International news organisations collaborate to help identify trustworthy news

New set of transparency standards to help readers assess the quality and reliability of journalism.


More than 75 news organisations have been working together to create a new set of transparency standards that aim to help people easily assess the quality and reliability of journalism. News sites have begun to display ‘Trust Indicators’, which provide clarity on the organisations’ ethics, the journalists’ backgrounds, and how they do their work.
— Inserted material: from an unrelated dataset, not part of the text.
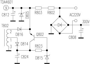 该机采用自激并联型开关电源,核心部分由TDA4601等组成。测其{9}脚电源端电压为0V,正常值应为12V。断电后用万用表R×1挡测{9}脚对地阻值很小,查其外围件,发现过压保护稳压管D805(稳压值16V)击穿(见附图)。将D805换新后试机,机内有吱吱声,+B端电压在50~70V之间波动,TDA4601{9}脚电压在10V左右波动,显然是{9}脚电压异常造成的。在刚通电时,市电经整流桥半波整流,经由R802、R803为TDA4601{9}脚提供启动电压,电源启动后改由Q802、D815组成的12V稳压电路供电。重点检查Q802、D815,发现Q802开路,D815击穿。将Q802(2SC2230)用2SC2482代换,D815用12V稳压管代换后恢复原电路试机,故障排除。

The Indicators also show what type of information is being read – news, opinion, analysis or advertising.

Each Indicator is signalled in the article and site code, and Google, Facebook, Bing and Twitter have all agreed to use the indicators and are investigating and piloting ideas about how to best to use them to surface and display quality journalism.
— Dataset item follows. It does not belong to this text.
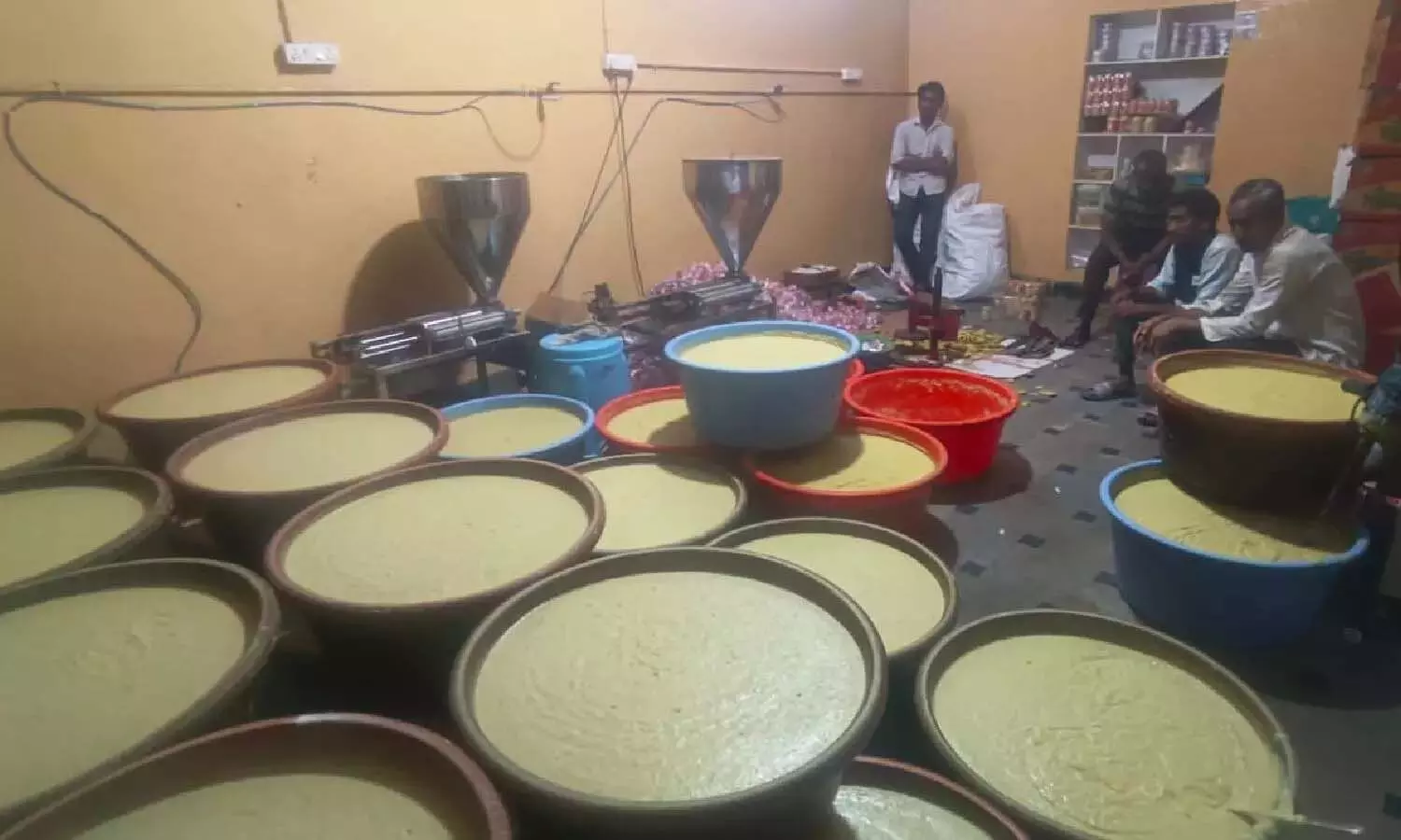During the raid, authorities discovered a food adulteration racket where workers were reportedly preparing adulterated ginger garlic paste in unhygienic conditions. The products were being packed and supplied to local grocery stores, raising serious concerns about food safety and public health.

Leading media companies including The German press agency dpa, The Economist, The Globe and Mail, Italy's La Repubblica and La Stampa, Trinity Mirror and The Washington Post are among the companies starting to go live with Trust Indicators this month. Other organisations including BBC and Hearst Television helped to define the Trust Indicator editorial and technical standards. A growing number of news outlets are expected to display the indicators over the next six months.
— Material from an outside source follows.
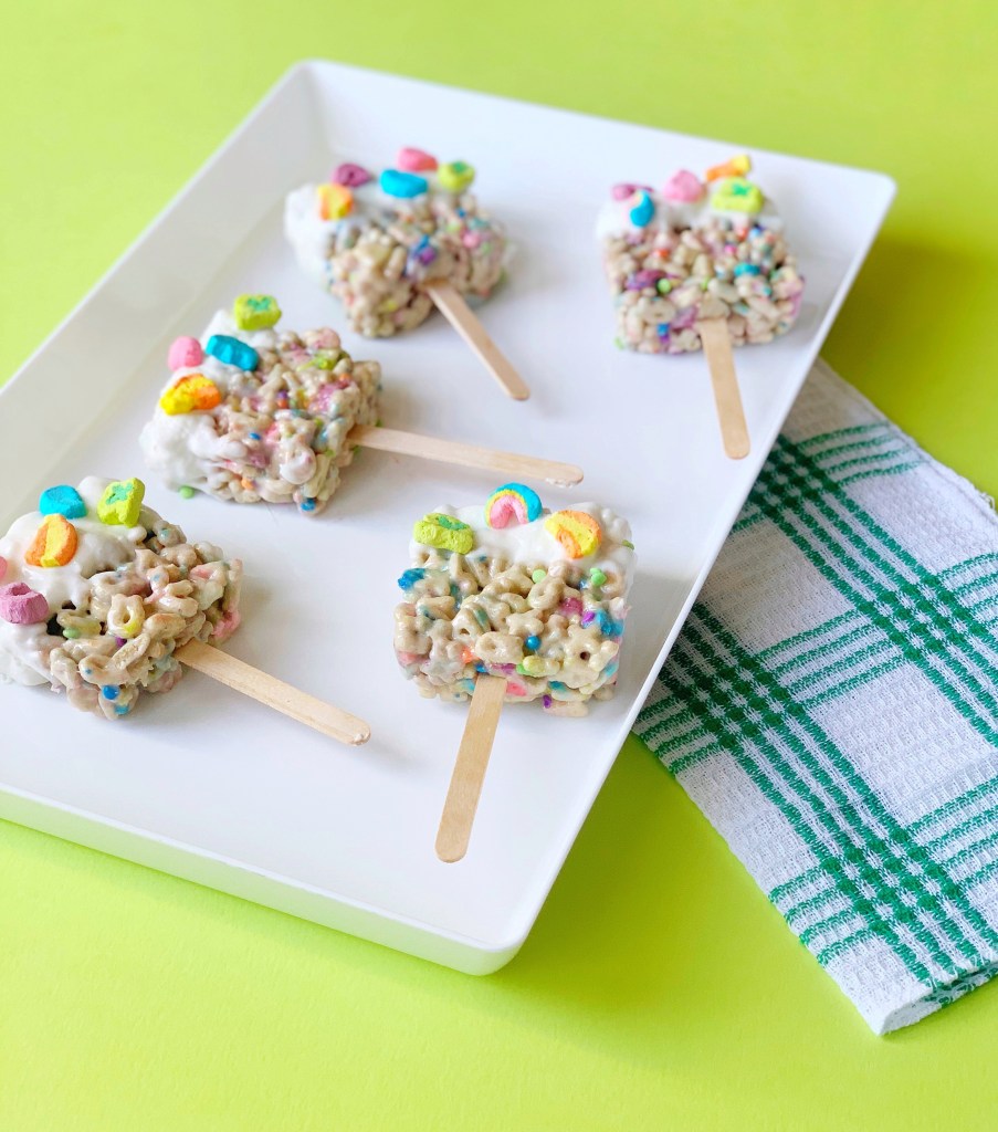 7.) Take your popsicle sticks and press them through the “bottom” of your Lucky Charms treats. Each treat will have one stick. Set aside.

The eight core indicators which underpin the project are: 

  • Best Practices: What Are Your Standards? Who funds the news outlet? What is the outlet’s mission? Plus commitments to ethics, diverse voices, accuracy, making corrections and other standards.
  • Author Expertise: Who Reported This? Details about the journalist who wrote the story, including expertise and other stories they have worked on.
  • Type of Work: What Is This? Labels to distinguish opinion, analysis and advertiser (or sponsored) content from news reports.
  • Citations and References: For investigative or in-depth stories, greater access to the sources behind the facts and assertions.
  • Methods:  Also for in-depth stories, information about why reporters chose to pursue a story and how they went about the process.
  • Locally Sourced? Lets people know when the story has local origin or expertise.
  • Diverse Voices: A newsroom’s efforts to bring in diverse perspectives.
  • Actionable Feedback: A newsroom’s efforts to engage the public’s help in setting coverage priorities, contributing to the reporting process, ensuring accuracy and other areas.

The Trust Project is hosted by Santa Clara University’s Markkula Center for Applied Ethics.